Across the material below, how many lines contain the word "design"? Give only the number.

» **Record excerpts**
• • • • •

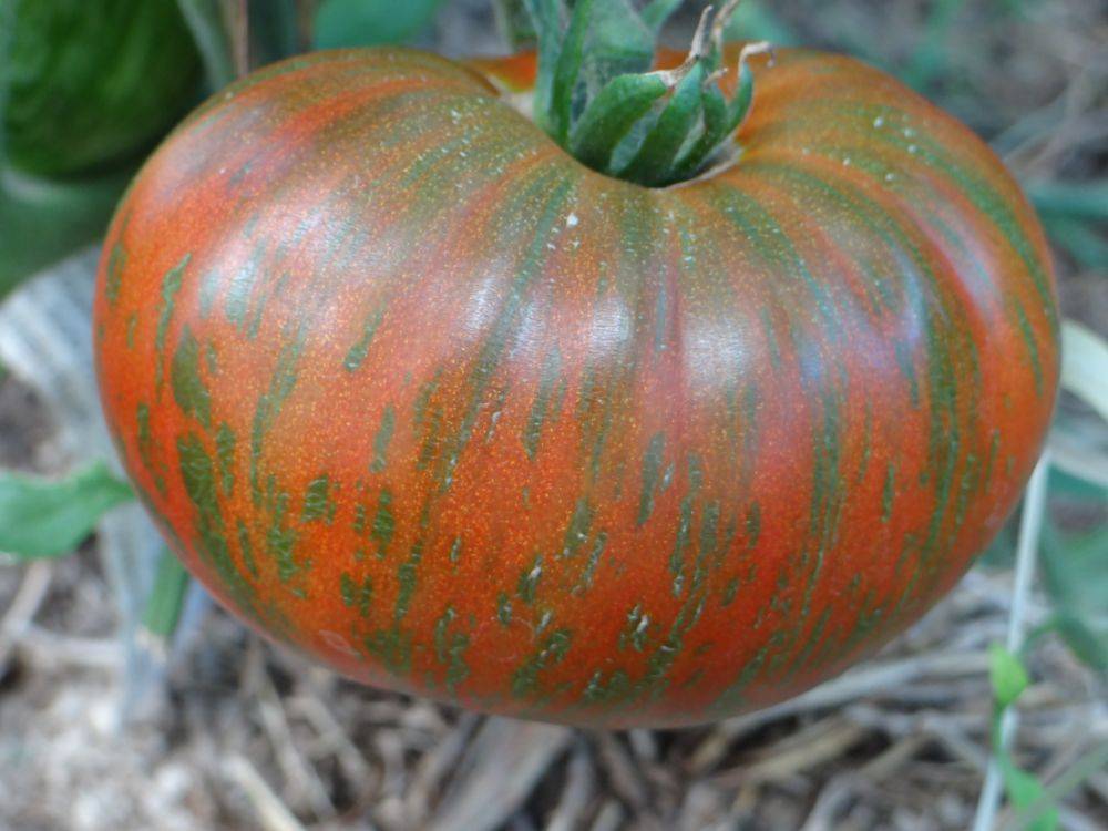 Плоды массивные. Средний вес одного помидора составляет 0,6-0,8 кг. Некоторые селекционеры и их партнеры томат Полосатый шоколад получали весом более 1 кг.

• • • • •

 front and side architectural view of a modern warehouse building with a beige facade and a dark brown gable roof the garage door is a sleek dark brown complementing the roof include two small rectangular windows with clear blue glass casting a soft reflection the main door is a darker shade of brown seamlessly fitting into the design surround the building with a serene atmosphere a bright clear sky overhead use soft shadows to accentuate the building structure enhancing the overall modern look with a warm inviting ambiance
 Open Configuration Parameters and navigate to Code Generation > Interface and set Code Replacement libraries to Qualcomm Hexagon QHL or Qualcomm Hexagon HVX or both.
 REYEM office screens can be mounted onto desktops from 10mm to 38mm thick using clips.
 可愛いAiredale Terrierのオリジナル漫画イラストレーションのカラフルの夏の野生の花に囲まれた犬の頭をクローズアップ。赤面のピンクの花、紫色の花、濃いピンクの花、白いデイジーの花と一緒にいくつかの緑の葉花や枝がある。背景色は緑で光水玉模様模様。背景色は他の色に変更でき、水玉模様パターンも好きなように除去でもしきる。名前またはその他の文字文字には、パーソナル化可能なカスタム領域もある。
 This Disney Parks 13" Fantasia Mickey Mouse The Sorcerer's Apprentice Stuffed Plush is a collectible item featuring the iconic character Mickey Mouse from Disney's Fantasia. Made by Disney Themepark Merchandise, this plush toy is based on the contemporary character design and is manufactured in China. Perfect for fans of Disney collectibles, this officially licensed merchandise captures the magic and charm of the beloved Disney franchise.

• • • • •

» **Answer to this exercise**
2